● **TASK DATA**:
-.-.-

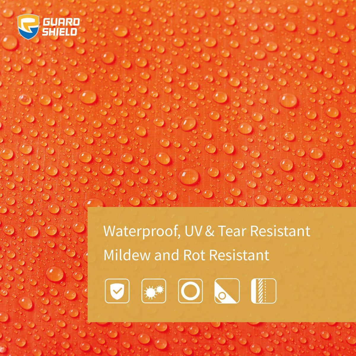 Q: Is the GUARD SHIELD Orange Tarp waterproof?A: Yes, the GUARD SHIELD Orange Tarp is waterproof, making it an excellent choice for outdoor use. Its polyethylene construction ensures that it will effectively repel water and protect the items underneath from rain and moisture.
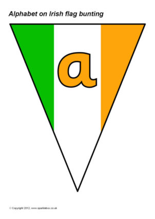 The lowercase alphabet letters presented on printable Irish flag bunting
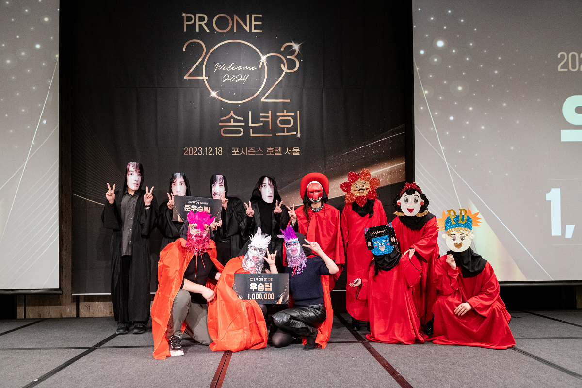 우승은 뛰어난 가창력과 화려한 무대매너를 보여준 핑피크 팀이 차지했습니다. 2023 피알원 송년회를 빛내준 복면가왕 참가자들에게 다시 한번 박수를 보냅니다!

-.-.-

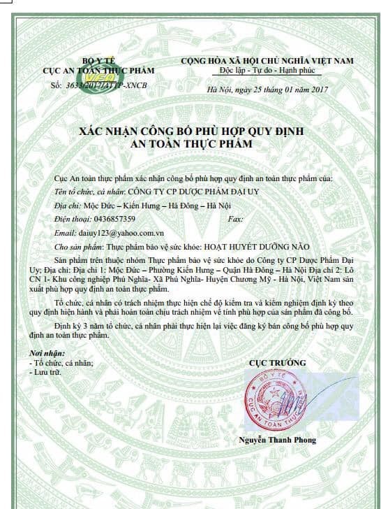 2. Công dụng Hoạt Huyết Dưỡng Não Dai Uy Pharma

-.-.-

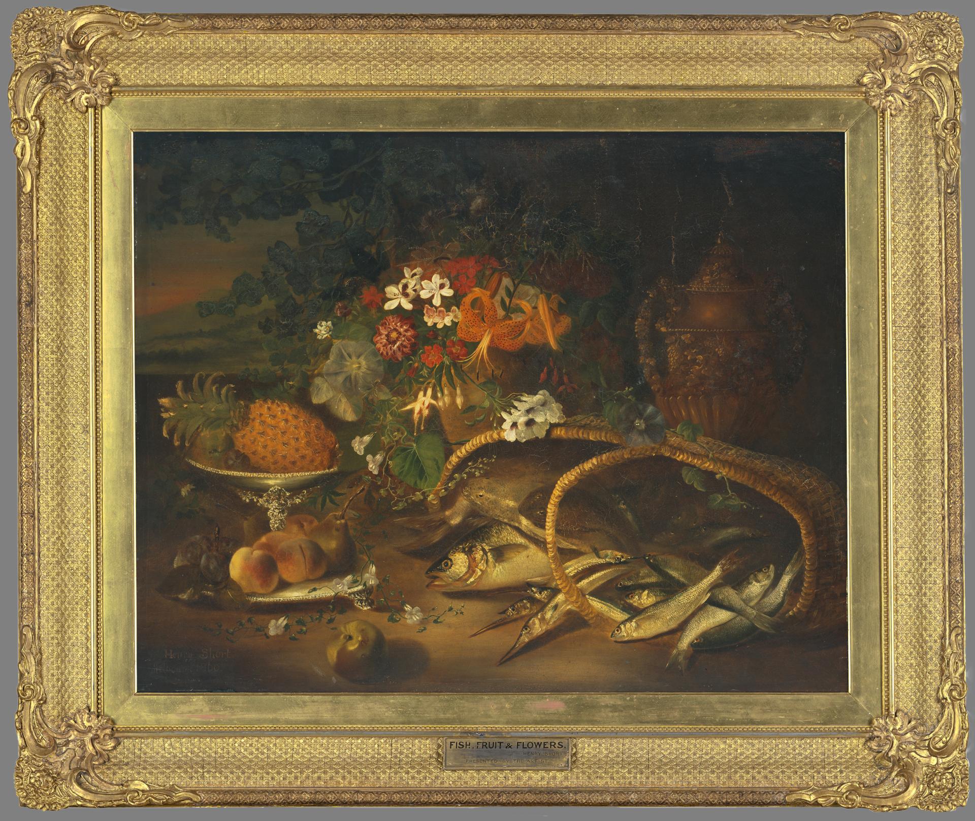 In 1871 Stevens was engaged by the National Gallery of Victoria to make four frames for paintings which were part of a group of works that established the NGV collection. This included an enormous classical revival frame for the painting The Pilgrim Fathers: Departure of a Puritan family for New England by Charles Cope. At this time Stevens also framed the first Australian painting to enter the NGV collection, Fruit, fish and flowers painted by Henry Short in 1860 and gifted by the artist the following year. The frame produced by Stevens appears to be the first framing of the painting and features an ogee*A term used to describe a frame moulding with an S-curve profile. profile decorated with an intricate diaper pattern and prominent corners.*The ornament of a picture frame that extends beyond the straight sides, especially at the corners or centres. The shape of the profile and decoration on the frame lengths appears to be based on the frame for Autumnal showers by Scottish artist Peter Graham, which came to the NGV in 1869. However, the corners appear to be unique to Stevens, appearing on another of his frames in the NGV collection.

-.-.-

● **ASSIGNMENT**: Set the pictures aside and retype exactly the lines above from the line with "Q: Is the GUARD" to the line with "우승은 뛰어난 가창력과", both included, adding no others.

● **SOLUTION**:
 Q: Is the GUARD SHIELD Orange Tarp waterproof?A: Yes, the GUARD SHIELD Orange Tarp is waterproof, making it an excellent choice for outdoor use. Its polyethylene construction ensures that it will effectively repel water and protect the items underneath from rain and moisture.
 The lowercase alphabet letters presented on printable Irish flag bunting
 우승은 뛰어난 가창력과 화려한 무대매너를 보여준 핑피크 팀이 차지했습니다. 2023 피알원 송년회를 빛내준 복면가왕 참가자들에게 다시 한번 박수를 보냅니다!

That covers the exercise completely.